A woman is taken to an ambulance after a shooting following the Kansa City Chiefs Super Bowl celebration in Kansas City, Mo., Wednesday, Feb. 14, 2024.
Reed Hoffmann
Associated Press
A woman is taken to an ambulance after a shooting following the Kansas City Chiefs Super Bowl celebration in Kansas City, Mo., Wednesday, Feb. 14, 2024.

Terry J. Young was identified near Union Station at the rally by his “unique green teddy bear backpack,” according to Kansas City Police. In all, three adult men and three juveniles are charged in the fatal shooting; three others are charged with weapons violations.

Prosecutors charged a 20-year-old who was wearing a green teddy bear backpack with second-degree murder Thursday, allegedly stemming from a verbal argument during the Super Bowl victory rally shootings.

Jackson County Prosecutor Jean Peters Baker announced that Terry J. Young, who was arrested on March 20, was also charged with two counts of armed criminal action and unlawful use of a weapon.

Authorities also announced Thursday that they had detained and charged a third juvenile in family court.
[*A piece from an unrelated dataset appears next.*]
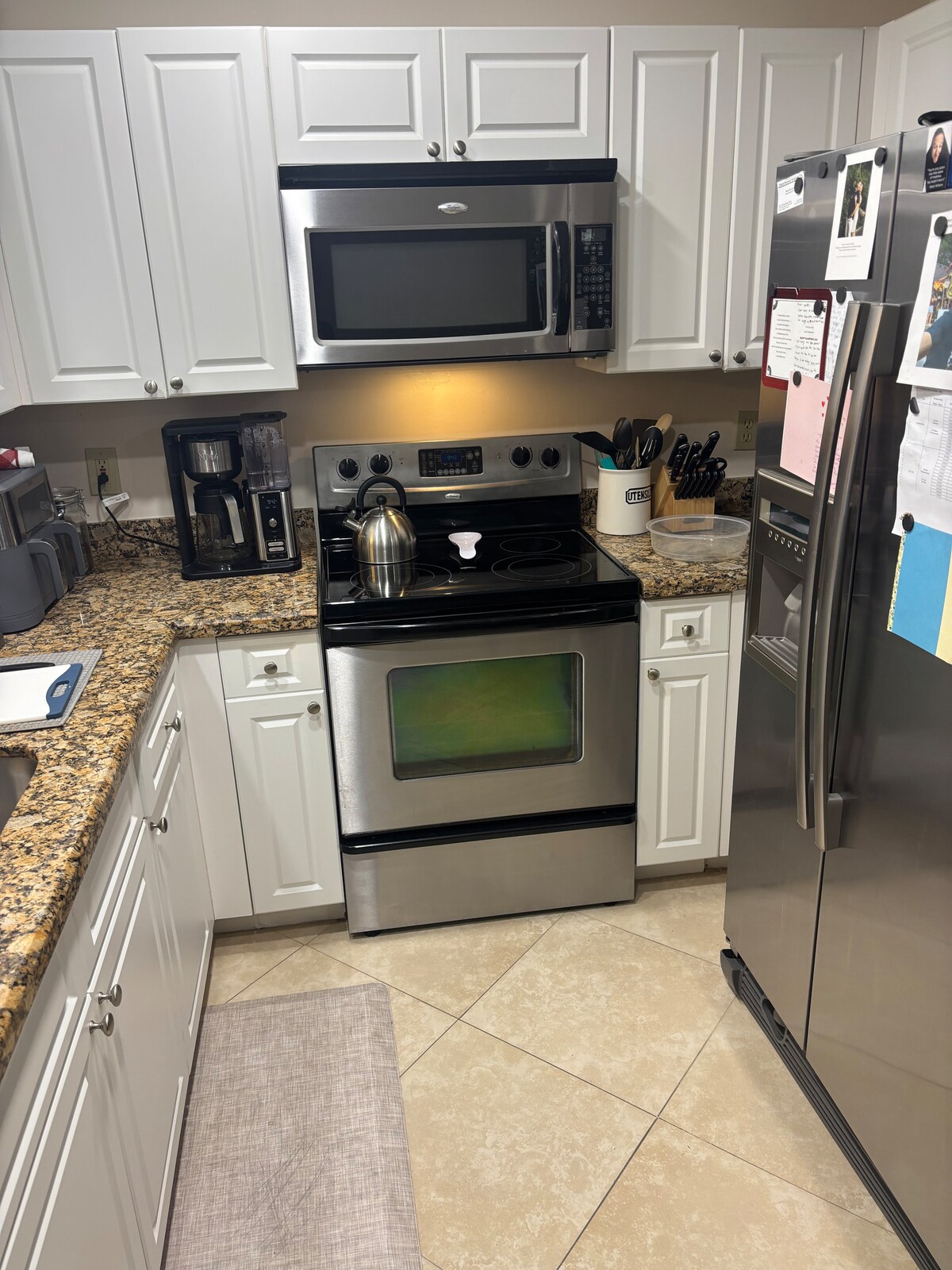 The gourmet kitchen is fully equipped with built-in oven and microwave, an electric smooth-top style cooktop with hot surface indicator, a dishwasher and french door refrigerator with ice maker. Plenty of small appliances including a Keurig and a regular coffee makers.

The 15-year-old was charged late Wednesday with two felonies: unlawful use of a weapon — shooting at a person and armed criminal action, according to a release from the court.

Young is the third adult charged in the fatal shooting of 43-year-old Lisa Lopez-Galvan and 24 others during the February 14 rally near Union Station following the Kansas City Chiefs’ Super Bowl parade. Lyndell Mays, 23, and Dominic Miller, 18, were both charged earlier and are being held under $1 million bond. Miller is still hospitalized with injuries from the shootings.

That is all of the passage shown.